Interestingly, the World Health Organisation (WHO) reportedly had avoided using the word at first in the course of Coronavirus outbreak because “it didn’t want to give the impression that the disease was unstoppable.”

  1. Epidemic: An epidemic is a regional outbreak of an illness that spreads unexpectedly, according to the WHO.

The Centres for Disease Control and Prevention defines it as “an increase, often sudden, in the number of cases of a disease above normal expectations in a set population.”

  1. Self-isolation: Staying inside and avoiding all contact with other people, with the aim of preventing the spread of a disease.

14. Physical or Social distancing: Keeping away from other people, with the aim of slowing down transmission of a disease.

Governments worldwide advise populations on not seeing friends or relatives other than those you live with, working from home where possible and avoiding public transport.

  1. Virus: A tiny agent that copies itself inside the living cells of any organism. Viruses can cause these cells to die and interrupt the body’s normal chemical processes, causing disease.
  2. Incubation: The incubation period is the time it takes for symptoms to appear after a person is infected.

This time is important for prevention and control, and it allows health officials to quarantine or observe people who may have been exposed to the virus.

The new Coronavirus has an incubation period of “two to 14 days”, according to the United States’ Center for Disease Control and Prevention (CDC); with symptoms appearing about five days after infection in most cases.

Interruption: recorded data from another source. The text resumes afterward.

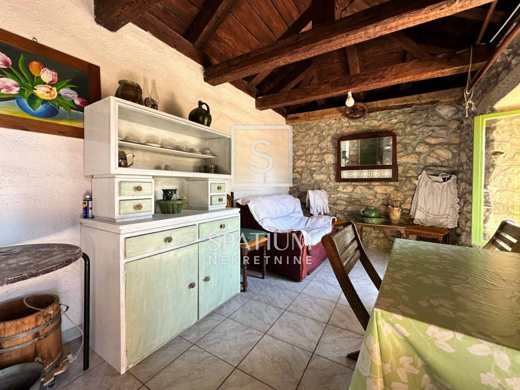 Uz kuću je naslonjena konoba sagrađena od kamena i drvenih greda, vanjska kuhinja te još jedna terasa koja je polu natkrivena, te pergola za dodatnu intimu i hlad na terasi.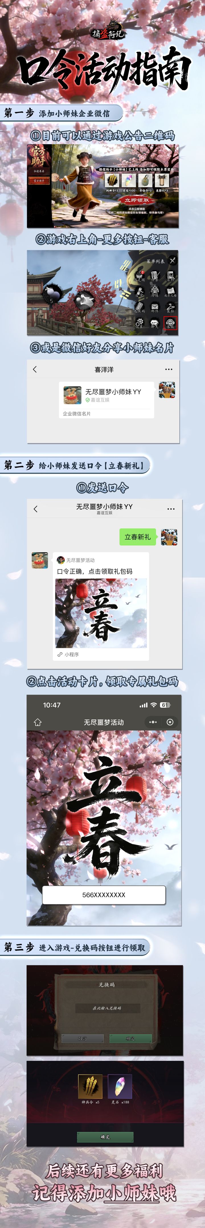 立春口令活动来啦~快来添加官方企微参与互动吧!注:怨灵咒兑换功能已停用,故本活动仅支持捕盗行纪账号参与~《无尽噩梦7幻梦》预约已开启:#中式恐怖 #捕盗行纪 #无尽噩梦 #无尽噩梦5怨灵咒 #捕盗行纪 #无尽噩梦7 #无尽噩梦7幻梦 #游戏福利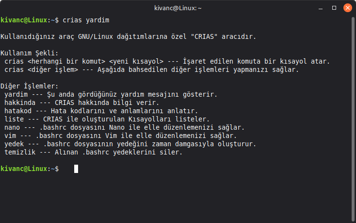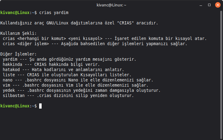 Çok kısa bir tanımla CRIAS, bash kullanan GNU/Linux sistemlerinde .bashrc dosyasına hızlıca Alias (Kısayol) satırları ekleyen bir Python betiğidir.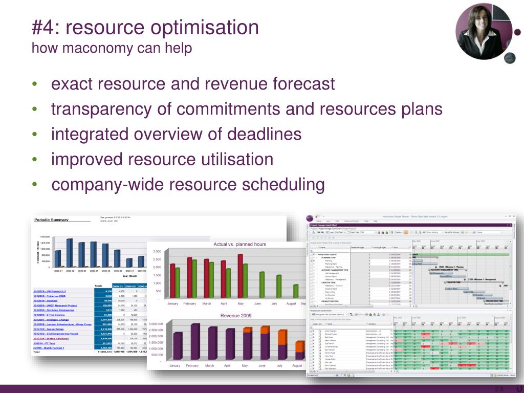 #4: resource optimisationhow maconomy can help • exact resource and revenue forecast • transparency of commitments and resources plans • integrated overview of deadlines • improved resource utilisation • company-wide resource scheduling 2.8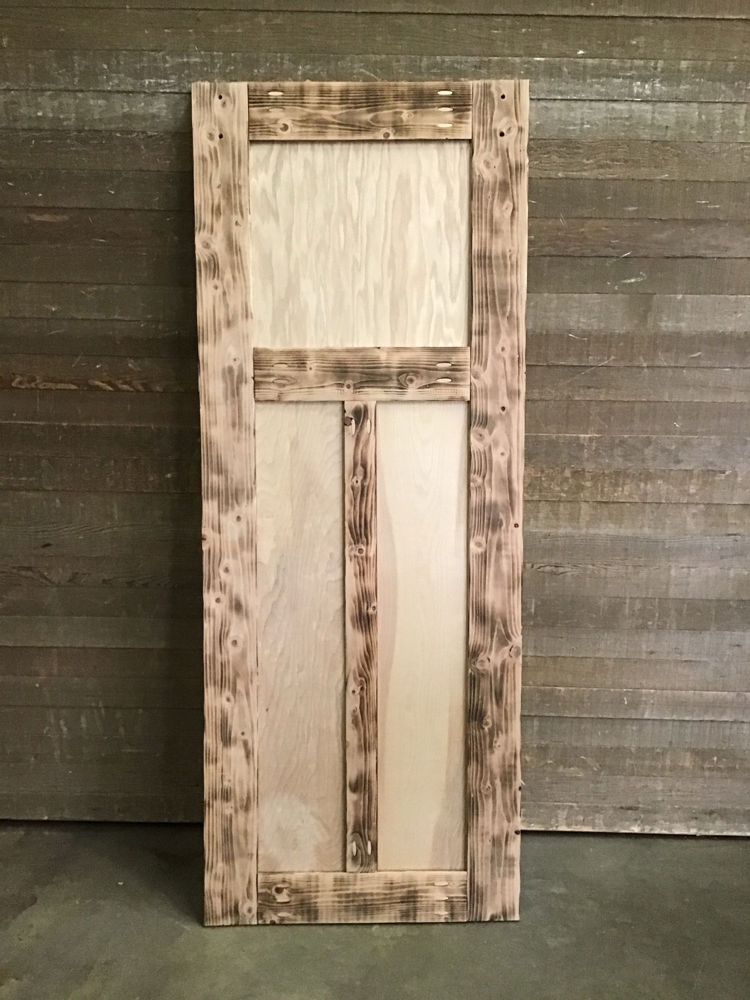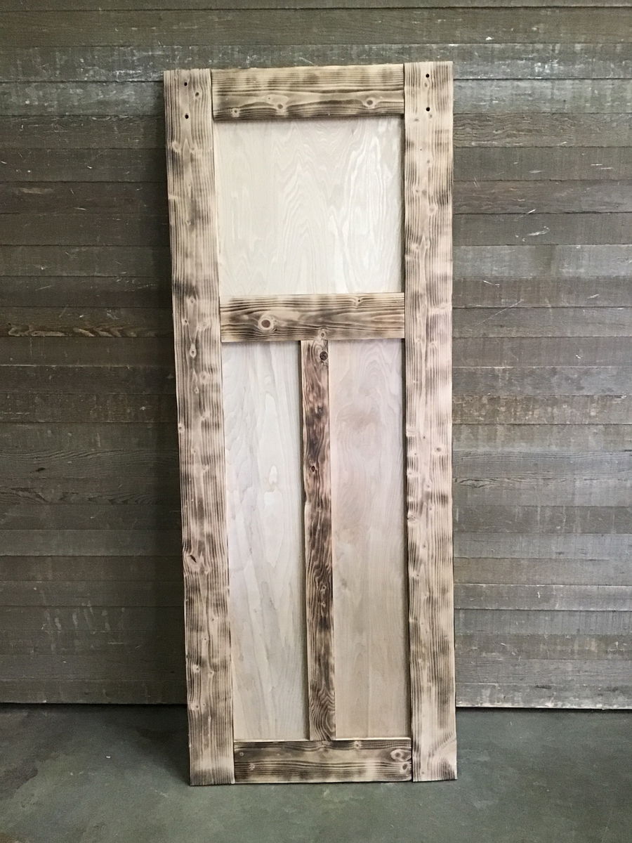 3 panel door set up as a barn sliding door with holes bored at the top for the hardware.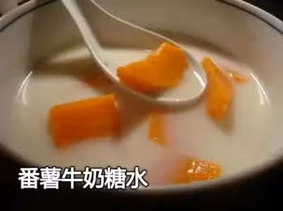 3. 煮到番薯軟爛,倒入一盒純牛奶,攪拌均勻,不用再煮,就可以吃了。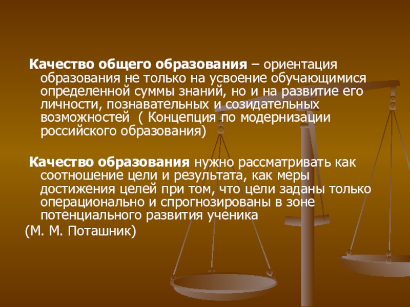 Качество образования нужно рассматривать как соотношение цели и результата, как меры достижения целей при том, что цели заданы только операционально и спрогнозированы в зоне потенциального развития ученика

During the incubation period, people may shed infectious virus particles before they exhibit symptoms; making it almost impossible to identify and isolate people who have the virus.

17. Self-quarantine: Isolation means separating sick people from people who aren’t sick.

18. Quarantine: This is the separation and restriction of people’s movement who were exposed to the virus. Experts want to see if they become sick while there.

This term is important to keep the virus from spreading; along with measures like social distancing, frequent hand-washing and wearing masks.

  1. Fatality rate: The fatality rate is the number of deaths divided by the total number of confirmed cases.

Eventually, scientists hope to have a more comprehensive COVID-19 infection fatality rate and this includes everyone who got the virus.

  1. Containment: The virus’s high transmission rate makes it difficult to effectively contain the outbreak. Containment is using any available tools to reduce the spread of disease.

21. Category 1 Traveller: People who should self-isolate, regardless of showing any symptoms, if they have travelled to the Hubei Province in China, Iran, Italy, or Daegu and Cheongdo in South Korea.

22. Category 2 Traveller: Travellers returning from countries including Japan, Cambodia, Thailand, Vietnam, Malaysia and Singapore. These people should only self-isolate and call NHS 111 if they develop symptoms.